Figure 7 shows the results from two other clustering methods, KMedoid with K=4 and Fuzzy C-Means with C = 4.

Figure 7. Labeled Codebook Data with K-Medoid(4) and Fuzzy C-Means(4), 29-D Dataset

Lastly, I’d like to close this post with hierarchical clustering using the codebook data. When dealing with a very large amount of data, directly clustering might not be a feasible solution. In that case, vector quantization (VQ) will be a handy tool to reduce the data set. SOM’s are one kind of such VQ method. By training the weight vector of each cell in a map, some or all of the cells will resemble a portion of the original data set. The weight vectors associated with those cells are the codebook data. Clustering on the codebook data becomes much less computationally expensive because of the dramatic reduction in data set size.

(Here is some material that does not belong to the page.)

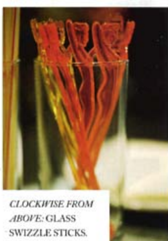
CLOCKWISE FROM ABOVE: GLASS SWIZZLE STICKS, THE GRAND HOTEL EUROPE. A BARMAN MIXING A VODKA COCKTAIL.

Figure 8 shows the K-Means clustering (K=10) on the codebook data. K=10 is a sort of arbitrarily chosen large number. With the K-Means clustering result, we can do agglomerative hierarchical clustering.

Figure 8. Codebook Data Grouped into 10 Clusters Created with K-Means

Figure 9 shows the dendrograms of two hierarchical clustering results. The difference lies in the choice of how the distance between two clusters is computed. The x-axis of the dendrogram is the clusters being agglomerated, and the y-axis is the distance measure between two merged clusters. By choosing a threshold of cluster distance, one can cut off the linkage and identify a number of separate clusters. More clusters are generated as the threshold decreases.

Figure 9. Dendrograms of Hierarchical Clustering with Single Linkage (top) and Complete Linkage (bottom)

In summary, this post only highlights some of the ways for visualizing high-dimensional data and the clustering results. It certainly cannot cover everything related to multivariate clustering and visualization. We didn’t even mention projection methods, such as PCA (Principal Component Analysis), MDS (Multi-Dimensional Scaling), and Sammon Mapping. However, I hope that this post provides some interesting ideas for data enthusiasts on clustering and visualization, two of the techniques that are extremely useful in data science. Although the example data is taken from a cybersecurity context, the same practice can be successfully applied to other industries, such as credit risk, customer segmentation, biology, finance, and more.